Your response to the data below should hold nothing except the lines from the one containing "I bought tickets" down to the one containing "Manfinity dauomo camisa", reproduced exactly and without pictures.

---- SOURCE MATERIAL

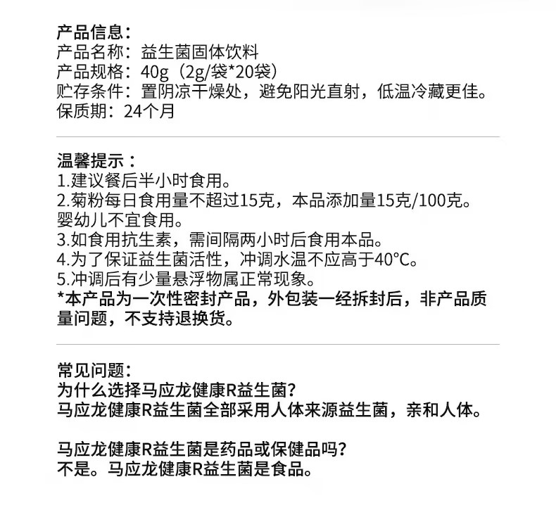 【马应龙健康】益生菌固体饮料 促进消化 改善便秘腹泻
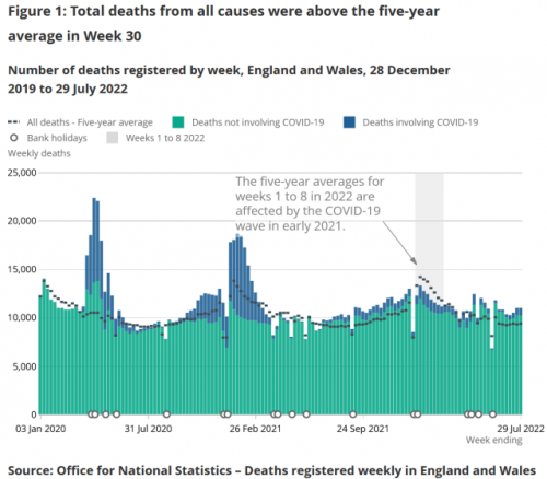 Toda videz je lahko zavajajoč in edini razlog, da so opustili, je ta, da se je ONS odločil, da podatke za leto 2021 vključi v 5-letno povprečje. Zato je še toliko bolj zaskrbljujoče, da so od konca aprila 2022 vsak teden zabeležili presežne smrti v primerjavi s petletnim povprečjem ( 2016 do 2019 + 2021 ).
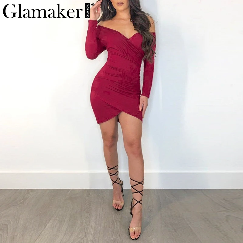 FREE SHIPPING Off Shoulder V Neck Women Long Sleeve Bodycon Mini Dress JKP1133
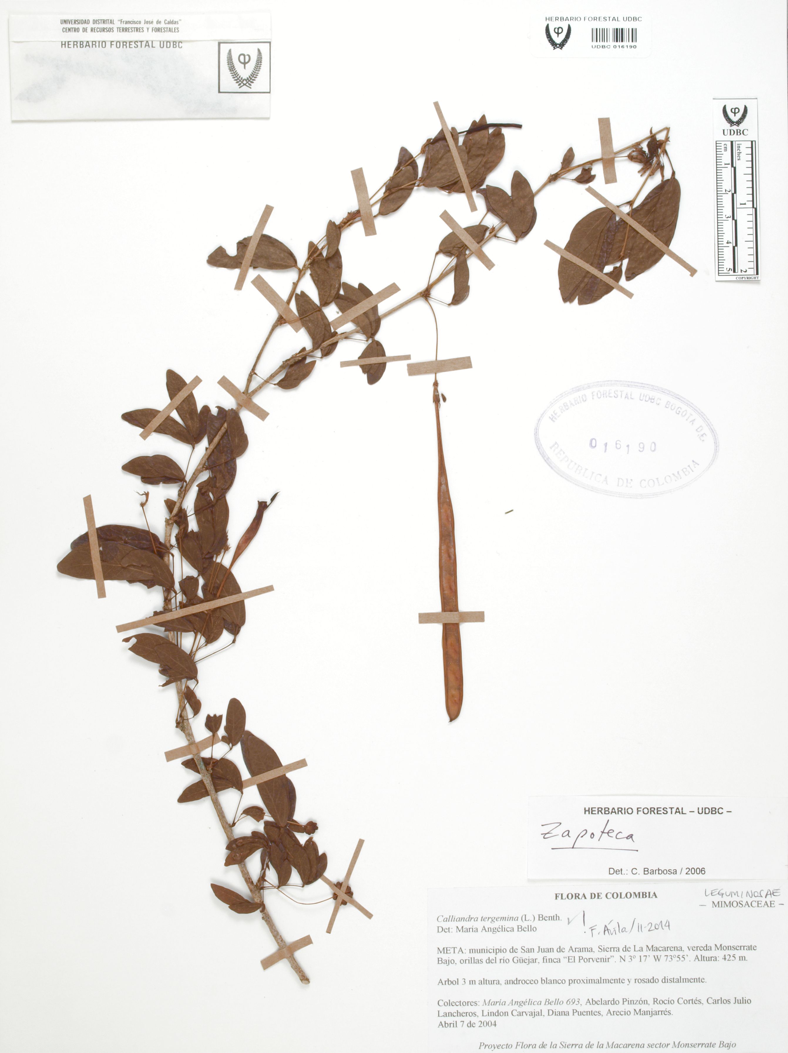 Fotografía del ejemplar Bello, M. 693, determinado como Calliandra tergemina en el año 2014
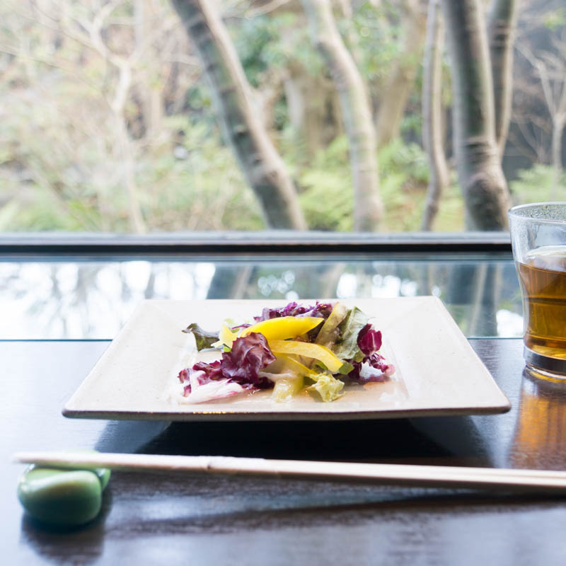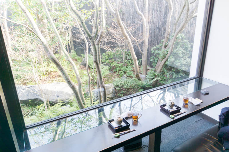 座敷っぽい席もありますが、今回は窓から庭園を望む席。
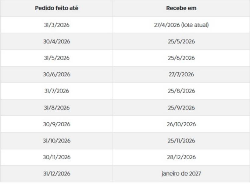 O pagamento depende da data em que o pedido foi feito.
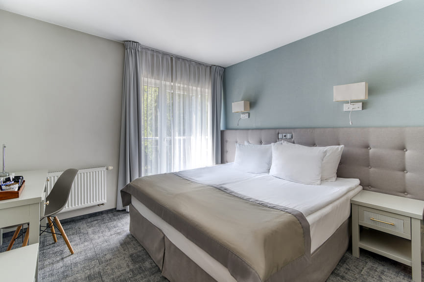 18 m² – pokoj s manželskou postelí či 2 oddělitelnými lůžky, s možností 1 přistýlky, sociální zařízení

--------
---- SOURCE MATERIAL

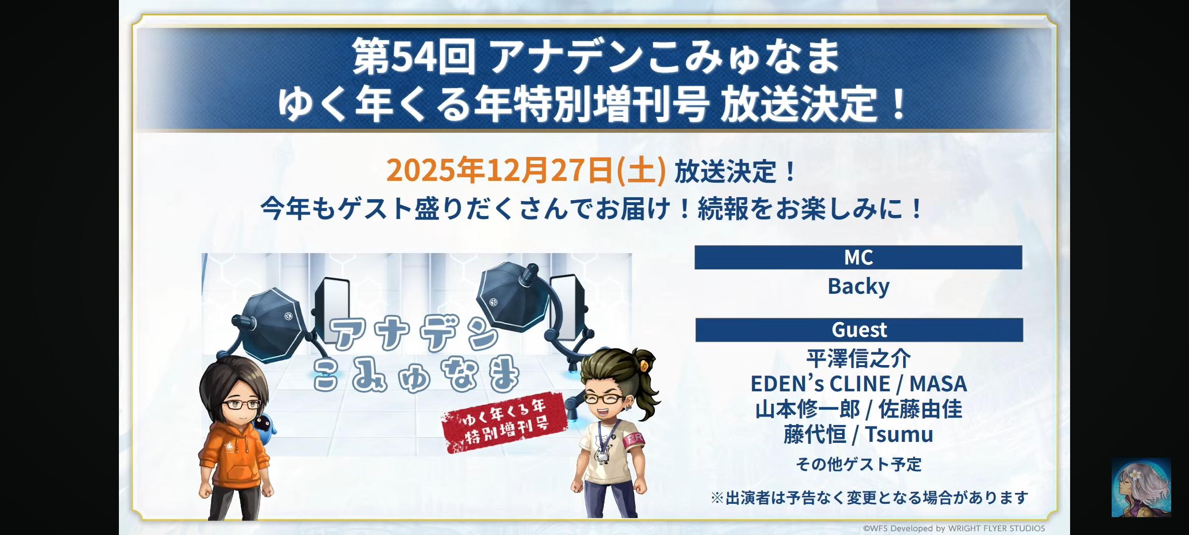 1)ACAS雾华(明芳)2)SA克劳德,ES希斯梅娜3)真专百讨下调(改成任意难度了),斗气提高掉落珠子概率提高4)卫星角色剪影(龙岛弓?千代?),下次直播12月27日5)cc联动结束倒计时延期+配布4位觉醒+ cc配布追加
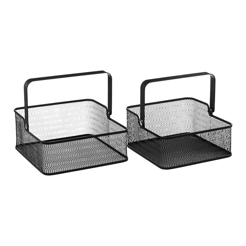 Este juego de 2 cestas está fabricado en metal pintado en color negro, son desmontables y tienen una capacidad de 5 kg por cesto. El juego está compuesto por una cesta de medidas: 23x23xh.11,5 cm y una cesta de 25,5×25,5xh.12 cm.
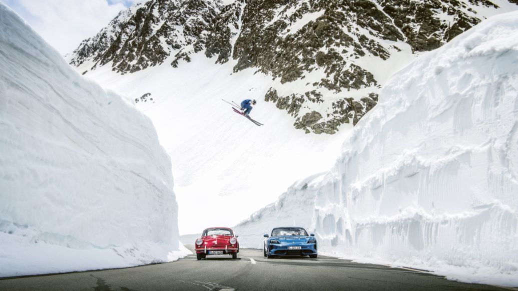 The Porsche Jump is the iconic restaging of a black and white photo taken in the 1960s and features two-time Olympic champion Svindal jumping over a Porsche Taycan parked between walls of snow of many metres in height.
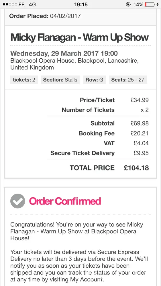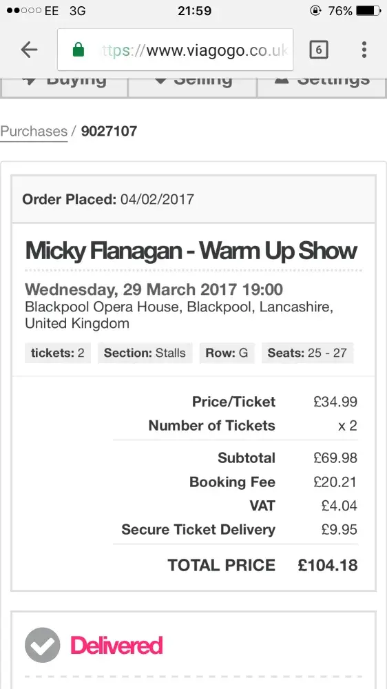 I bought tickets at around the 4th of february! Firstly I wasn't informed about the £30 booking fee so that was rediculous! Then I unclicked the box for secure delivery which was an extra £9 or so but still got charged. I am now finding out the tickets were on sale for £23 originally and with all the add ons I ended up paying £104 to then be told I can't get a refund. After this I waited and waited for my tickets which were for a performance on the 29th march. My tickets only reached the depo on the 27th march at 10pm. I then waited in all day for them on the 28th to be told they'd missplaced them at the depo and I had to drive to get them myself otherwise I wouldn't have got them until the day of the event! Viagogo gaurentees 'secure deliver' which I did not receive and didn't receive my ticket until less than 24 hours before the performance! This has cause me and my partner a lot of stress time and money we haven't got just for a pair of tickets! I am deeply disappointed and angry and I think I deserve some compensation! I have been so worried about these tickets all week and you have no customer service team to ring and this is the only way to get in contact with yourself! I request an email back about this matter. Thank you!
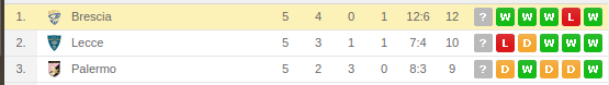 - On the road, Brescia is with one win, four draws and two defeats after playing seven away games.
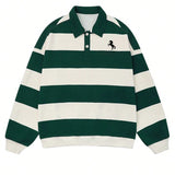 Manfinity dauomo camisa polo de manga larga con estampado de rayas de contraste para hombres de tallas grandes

--------

▸ **RESPONSE FOR THIS EXERCISE**:
 I bought tickets at around the 4th of february! Firstly I wasn't informed about the £30 booking fee so that was rediculous! Then I unclicked the box for secure delivery which was an extra £9 or so but still got charged. I am now finding out the tickets were on sale for £23 originally and with all the add ons I ended up paying £104 to then be told I can't get a refund. After this I waited and waited for my tickets which were for a performance on the 29th march. My tickets only reached the depo on the 27th march at 10pm. I then waited in all day for them on the 28th to be told they'd missplaced them at the depo and I had to drive to get them myself otherwise I wouldn't have got them until the day of the event! Viagogo gaurentees 'secure deliver' which I did not receive and didn't receive my ticket until less than 24 hours before the performance! This has cause me and my partner a lot of stress time and money we haven't got just for a pair of tickets! I am deeply disappointed and angry and I think I deserve some compensation! I have been so worried about these tickets all week and you have no customer service team to ring and this is the only way to get in contact with yourself! I request an email back about this matter. Thank you!
 - On the road, Brescia is with one win, four draws and two defeats after playing seven away games.
 Manfinity dauomo camisa polo de manga larga con estampado de rayas de contraste para hombres de tallas grandes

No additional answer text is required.